School of Computer Science, Key Laboratory of High Confidence Software Technologies, Peking University, Beijing, China.
Center for Quantitative Biology, Peking University, Beijing, China.
Nature. 2024 Oct;634(8035):824-832. doi: 10.1038/s41586-024-08040-5. Epub 2024 Oct 23.

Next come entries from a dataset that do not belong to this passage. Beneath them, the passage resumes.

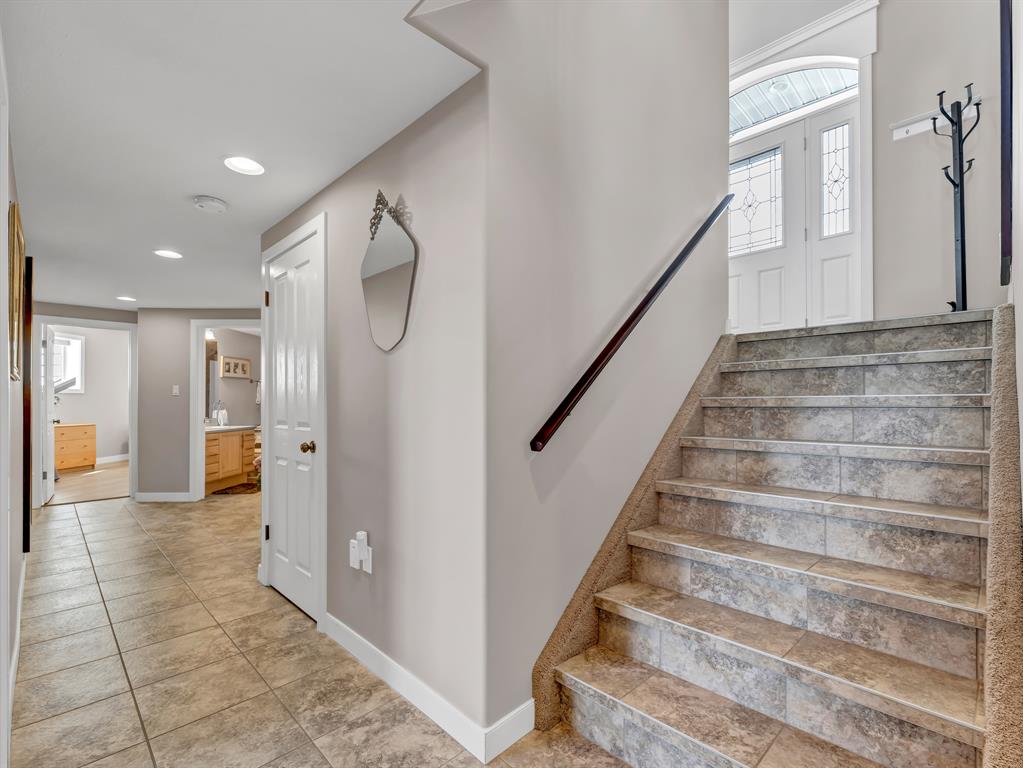 You can have it ALL... Country living, 3km paved from the City. Fully developed 3339 sq.ft. beautiful, modern bi-level built ICF construction to the roof. Geothermal heated, City water. The home has 4 bedrooms, a main floor office, 3 full bathrooms and a triple garage. Infloor heating and efficient home. Massive Quonset - 50x120, as well as 2 sheds. A total of 5.29 beautiful acres of low maintenance, private, picturesque yard with a garden, fruit trees and grassland for any animals or hobbies. The possibilities are endless with this rare find!
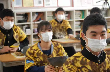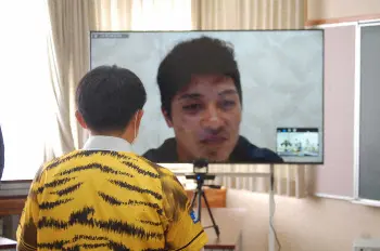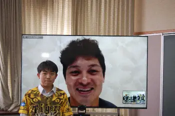 <阪神キャンプ>オンライン講演会で坂本と交流する養父中の生徒たち(養父中提供)
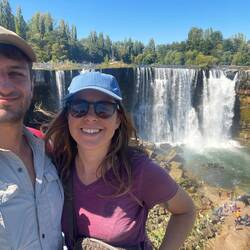 🇫🇷 On s’arrête sur la route pour aller voir la jonction entre deux grands fleuves, on est impressionnés par la force de l’eau et toutes les nuances de bleu ! De ce qu’on lit, ce fleuve est l'un de ceux avec le plus de débit en Patagonie.
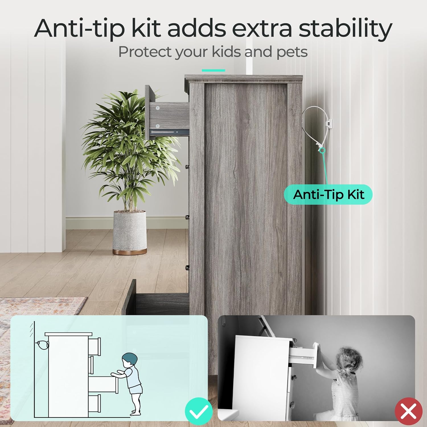 • Eco-Friendly Wood Construction: Fashioned with eco-friendly manufactured wood, this grey dresser for the bedroom boasts a clean and sleek design. Its waterproof seal ensures durability and safety, making it a reliable dresser organizer for any space.

DNA storage has shown potential to transcend current silicon-based data storage technologies in storage density, longevity and energy consumption. However, writing large-scale data directly into DNA sequences by de novo synthesis remains uneconomical in time and cost. We present an alternative, parallel strategy that enables the writing of arbitrary data on DNA using premade nucleic acids. Through self-assembly guided enzymatic methylation, epigenetic modifications, as information bits, can be introduced precisely onto universal DNA templates to enact molecular movable-type printing. By programming with a finite set of 700 DNA movable types and five templates, we achieved the synthesis-free writing of approximately 275,000 bits on an automated platform with 350 bits written per reaction. The data encoded in complex epigenetic patterns were retrieved high-throughput by nanopore sequencing, and algorithms were developed to finely resolve 240 modification patterns per sequencing reaction. With the epigenetic information bits framework, distributed and bespoke DNA storage was implemented by 60 volunteers lacking professional biolab experience. Our framework presents a new modality of DNA data storage that is parallel, programmable, stable and scalable. Such an unconventional modality opens up avenues towards practical data storage and dual-mode data functions in biomolecular systems.
DNA 存储在存储密度、寿命和能耗方面显示出超越当前硅基数据存储技术的潜力。然而,通过从头合成将大规模数据直接写入 DNA 序列在时间和成本上仍然不经济。我们提出了一种替代的并行策略,使用预制的核酸在 DNA 上写入任意数据。通过酶促甲基化的自组装指导,表观遗传修饰作为信息位,可以精确地引入到通用的 DNA 模板上,从而实现分子活字印刷。通过用有限的 700 种 DNA 活字和 5 个模板进行编程,我们在一个自动化平台上实现了大约 275000 位的无合成写入,每个反应写入 350 位。通过纳米孔测序以高通量方式检索到复杂的表观遗传模式中编码的数据,并开发了算法来精细解析每个测序反应中的 240 个修饰模式。通过表观遗传信息位框架,由 60 名缺乏专业生物实验室经验的志愿者实现了分布式和定制的 DNA 存储。我们的框架提出了一种新的 DNA 数据存储模式,该模式具有并行、可编程、稳定和可扩展的特点。这种非传统的模式为生物分子系统中的实用数据存储和双模数据功能开辟了途径。